# Your goal
From the data below, retype exactly the lines starting with the one that contains "眼下,欧拉好猫虽然月销也有七" and ending with the one that contains "Nedanför ser vi", both included.

# Data records

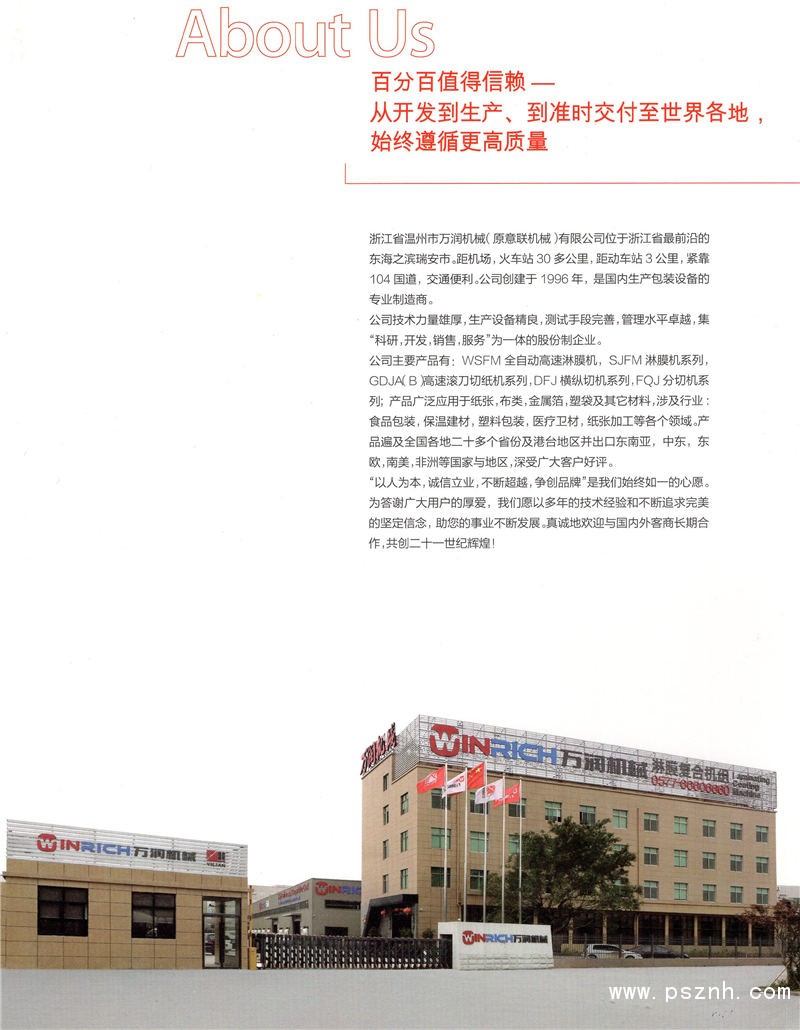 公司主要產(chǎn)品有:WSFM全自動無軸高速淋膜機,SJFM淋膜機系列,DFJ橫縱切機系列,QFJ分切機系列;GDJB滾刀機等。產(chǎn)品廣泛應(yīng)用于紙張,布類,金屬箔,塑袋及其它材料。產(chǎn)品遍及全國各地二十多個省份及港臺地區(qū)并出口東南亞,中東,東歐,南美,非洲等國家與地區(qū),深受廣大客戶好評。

* * *

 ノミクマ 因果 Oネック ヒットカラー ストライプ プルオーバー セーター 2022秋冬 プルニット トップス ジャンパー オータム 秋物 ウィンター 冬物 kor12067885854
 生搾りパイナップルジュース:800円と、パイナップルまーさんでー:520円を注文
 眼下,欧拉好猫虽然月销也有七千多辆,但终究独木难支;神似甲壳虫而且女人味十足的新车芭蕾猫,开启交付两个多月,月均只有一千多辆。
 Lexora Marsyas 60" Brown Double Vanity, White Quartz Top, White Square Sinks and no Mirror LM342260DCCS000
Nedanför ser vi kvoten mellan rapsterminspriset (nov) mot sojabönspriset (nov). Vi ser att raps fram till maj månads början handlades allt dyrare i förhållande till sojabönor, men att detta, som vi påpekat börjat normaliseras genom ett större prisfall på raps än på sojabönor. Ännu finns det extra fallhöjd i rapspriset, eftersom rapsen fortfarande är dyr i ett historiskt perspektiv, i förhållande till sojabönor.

# Solved exercise
 眼下,欧拉好猫虽然月销也有七千多辆,但终究独木难支;神似甲壳虫而且女人味十足的新车芭蕾猫,开启交付两个多月,月均只有一千多辆。
 Lexora Marsyas 60" Brown Double Vanity, White Quartz Top, White Square Sinks and no Mirror LM342260DCCS000
Nedanför ser vi kvoten mellan rapsterminspriset (nov) mot sojabönspriset (nov). Vi ser att raps fram till maj månads början handlades allt dyrare i förhållande till sojabönor, men att detta, som vi påpekat börjat normaliseras genom ett större prisfall på raps än på sojabönor. Ännu finns det extra fallhöjd i rapspriset, eftersom rapsen fortfarande är dyr i ett historiskt perspektiv, i förhållande till sojabönor.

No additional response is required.